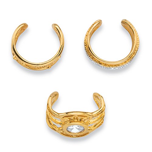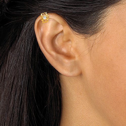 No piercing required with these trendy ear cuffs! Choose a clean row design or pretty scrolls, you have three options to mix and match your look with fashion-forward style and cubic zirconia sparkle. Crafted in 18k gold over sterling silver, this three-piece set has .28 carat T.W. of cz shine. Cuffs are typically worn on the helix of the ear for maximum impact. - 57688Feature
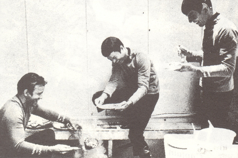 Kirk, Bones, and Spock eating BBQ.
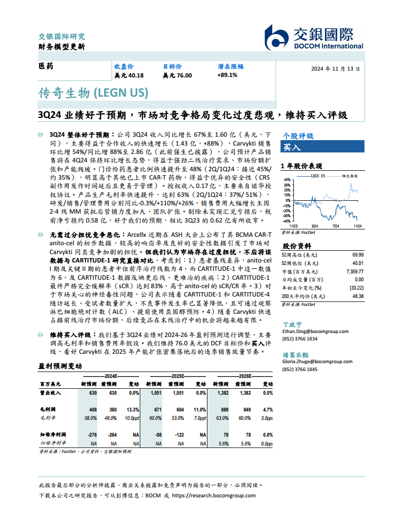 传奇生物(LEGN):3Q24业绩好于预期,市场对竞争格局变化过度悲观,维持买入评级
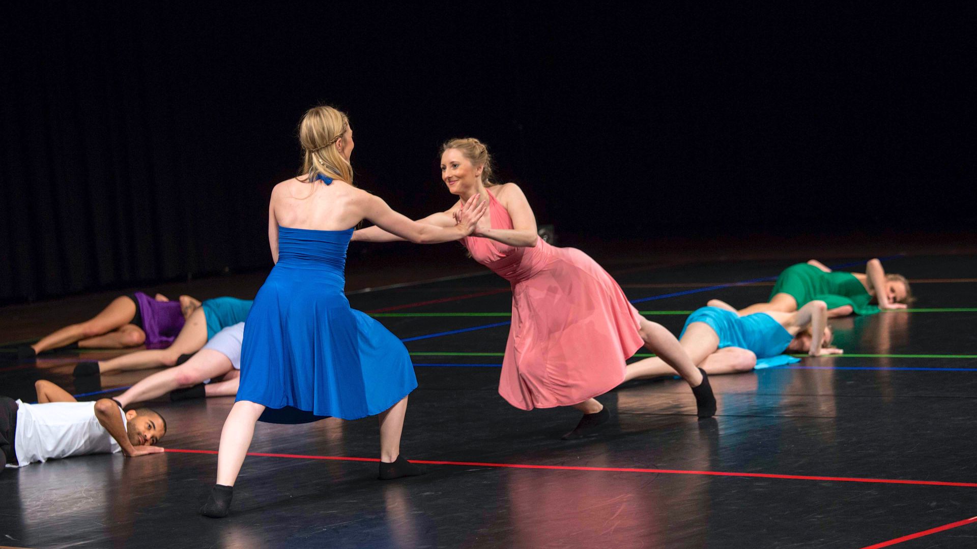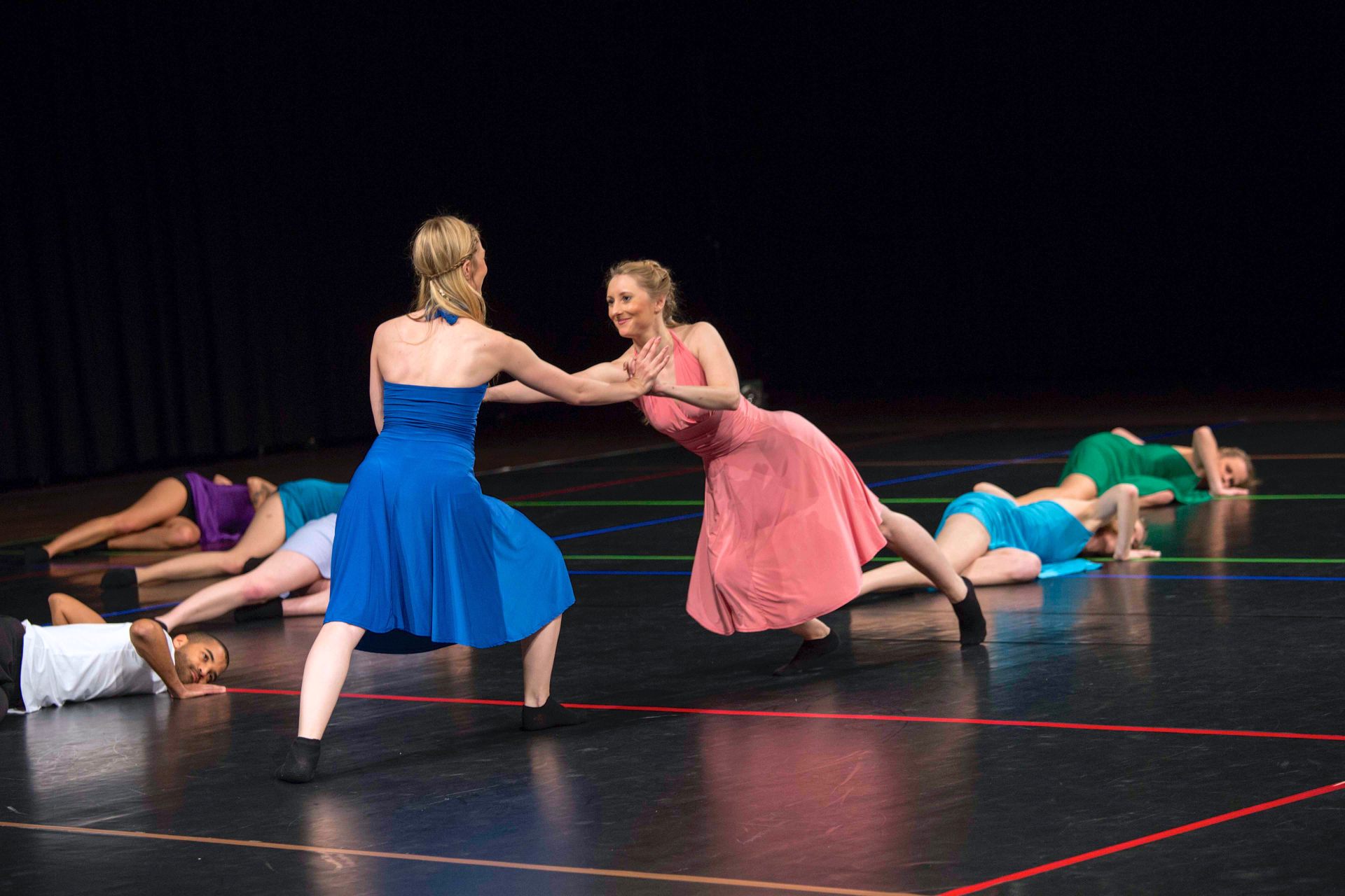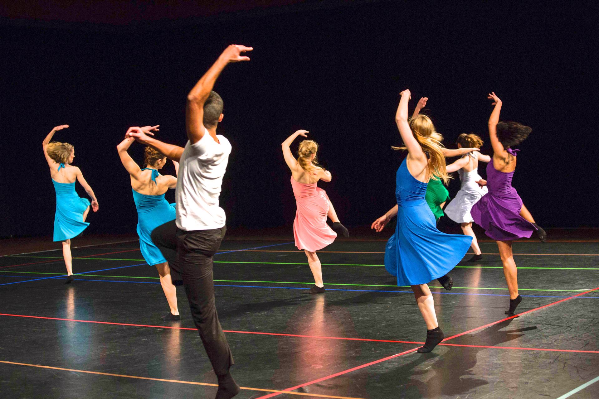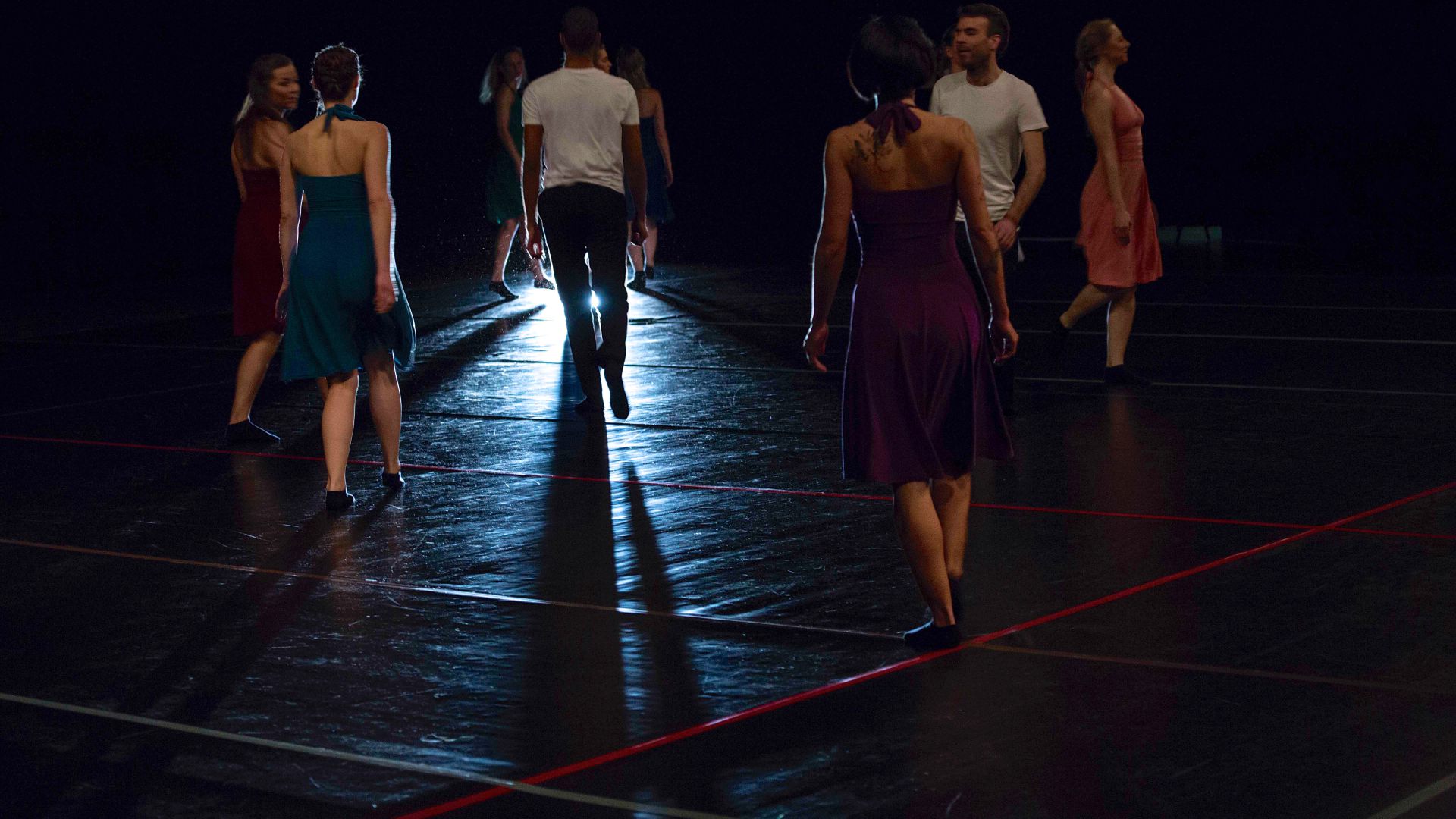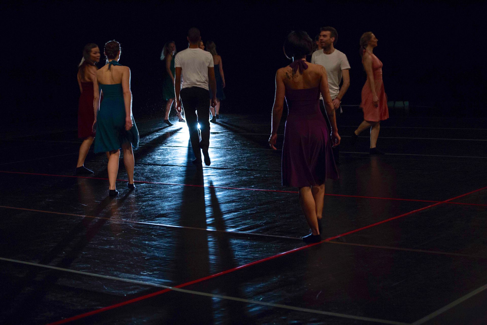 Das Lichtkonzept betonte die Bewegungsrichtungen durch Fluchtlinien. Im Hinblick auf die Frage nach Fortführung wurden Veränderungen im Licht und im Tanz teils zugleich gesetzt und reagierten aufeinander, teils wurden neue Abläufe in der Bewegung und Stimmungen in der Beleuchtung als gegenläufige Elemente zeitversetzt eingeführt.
...
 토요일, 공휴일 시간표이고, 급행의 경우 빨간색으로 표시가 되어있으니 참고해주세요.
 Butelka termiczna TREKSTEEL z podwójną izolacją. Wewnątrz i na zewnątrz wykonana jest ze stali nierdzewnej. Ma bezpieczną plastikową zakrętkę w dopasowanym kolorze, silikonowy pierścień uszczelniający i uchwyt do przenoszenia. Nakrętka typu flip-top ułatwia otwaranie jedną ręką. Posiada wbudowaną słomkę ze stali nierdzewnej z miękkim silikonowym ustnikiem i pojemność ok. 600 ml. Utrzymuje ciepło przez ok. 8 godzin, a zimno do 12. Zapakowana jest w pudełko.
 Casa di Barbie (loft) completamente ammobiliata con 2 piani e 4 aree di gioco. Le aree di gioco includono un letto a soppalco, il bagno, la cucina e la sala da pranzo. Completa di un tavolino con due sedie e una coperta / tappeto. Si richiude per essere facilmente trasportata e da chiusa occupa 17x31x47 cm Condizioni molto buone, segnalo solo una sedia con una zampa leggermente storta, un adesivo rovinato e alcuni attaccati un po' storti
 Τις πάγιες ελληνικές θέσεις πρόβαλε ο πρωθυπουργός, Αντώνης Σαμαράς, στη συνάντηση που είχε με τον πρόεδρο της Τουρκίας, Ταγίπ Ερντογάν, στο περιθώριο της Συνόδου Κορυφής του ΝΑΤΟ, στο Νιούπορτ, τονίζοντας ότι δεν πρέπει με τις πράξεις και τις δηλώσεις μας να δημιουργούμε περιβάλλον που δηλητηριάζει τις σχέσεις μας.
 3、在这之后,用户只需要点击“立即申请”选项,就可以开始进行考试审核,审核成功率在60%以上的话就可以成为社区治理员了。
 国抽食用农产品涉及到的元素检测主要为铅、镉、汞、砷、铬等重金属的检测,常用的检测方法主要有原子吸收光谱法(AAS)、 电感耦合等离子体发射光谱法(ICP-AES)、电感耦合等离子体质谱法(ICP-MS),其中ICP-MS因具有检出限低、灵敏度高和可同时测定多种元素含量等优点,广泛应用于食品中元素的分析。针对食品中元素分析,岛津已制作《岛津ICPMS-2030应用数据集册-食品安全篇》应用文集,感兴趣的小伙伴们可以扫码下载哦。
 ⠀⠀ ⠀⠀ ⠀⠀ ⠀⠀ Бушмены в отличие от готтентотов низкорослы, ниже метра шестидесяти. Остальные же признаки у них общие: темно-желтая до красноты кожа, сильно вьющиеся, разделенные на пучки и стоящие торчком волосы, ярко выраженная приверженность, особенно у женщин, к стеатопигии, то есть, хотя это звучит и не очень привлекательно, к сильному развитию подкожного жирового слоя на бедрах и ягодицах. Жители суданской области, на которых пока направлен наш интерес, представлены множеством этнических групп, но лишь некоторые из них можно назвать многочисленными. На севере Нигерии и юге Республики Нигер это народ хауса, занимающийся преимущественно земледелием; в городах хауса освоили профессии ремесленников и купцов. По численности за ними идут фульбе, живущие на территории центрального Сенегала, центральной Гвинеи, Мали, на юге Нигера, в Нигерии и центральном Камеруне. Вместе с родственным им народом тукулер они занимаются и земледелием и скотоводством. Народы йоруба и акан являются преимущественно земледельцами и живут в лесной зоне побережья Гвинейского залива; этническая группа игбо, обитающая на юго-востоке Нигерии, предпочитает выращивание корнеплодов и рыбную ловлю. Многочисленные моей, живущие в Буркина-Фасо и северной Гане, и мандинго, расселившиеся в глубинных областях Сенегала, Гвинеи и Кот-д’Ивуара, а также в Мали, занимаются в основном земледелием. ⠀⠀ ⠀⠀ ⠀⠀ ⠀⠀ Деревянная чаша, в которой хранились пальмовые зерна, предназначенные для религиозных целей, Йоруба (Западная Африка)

▶ **EXERCISE**
Transcribe the records above exactly, beginning at the line that contains "3、在这之后,用户只需要点击" and ending with the line that contains "国抽食用农产品涉及到的元素检", both included, and nothing else.

▶ **ANSWER AREA**
 3、在这之后,用户只需要点击“立即申请”选项,就可以开始进行考试审核,审核成功率在60%以上的话就可以成为社区治理员了。
 国抽食用农产品涉及到的元素检测主要为铅、镉、汞、砷、铬等重金属的检测,常用的检测方法主要有原子吸收光谱法(AAS)、 电感耦合等离子体发射光谱法(ICP-AES)、电感耦合等离子体质谱法(ICP-MS),其中ICP-MS因具有检出限低、灵敏度高和可同时测定多种元素含量等优点,广泛应用于食品中元素的分析。针对食品中元素分析,岛津已制作《岛津ICPMS-2030应用数据集册-食品安全篇》应用文集,感兴趣的小伙伴们可以扫码下载哦。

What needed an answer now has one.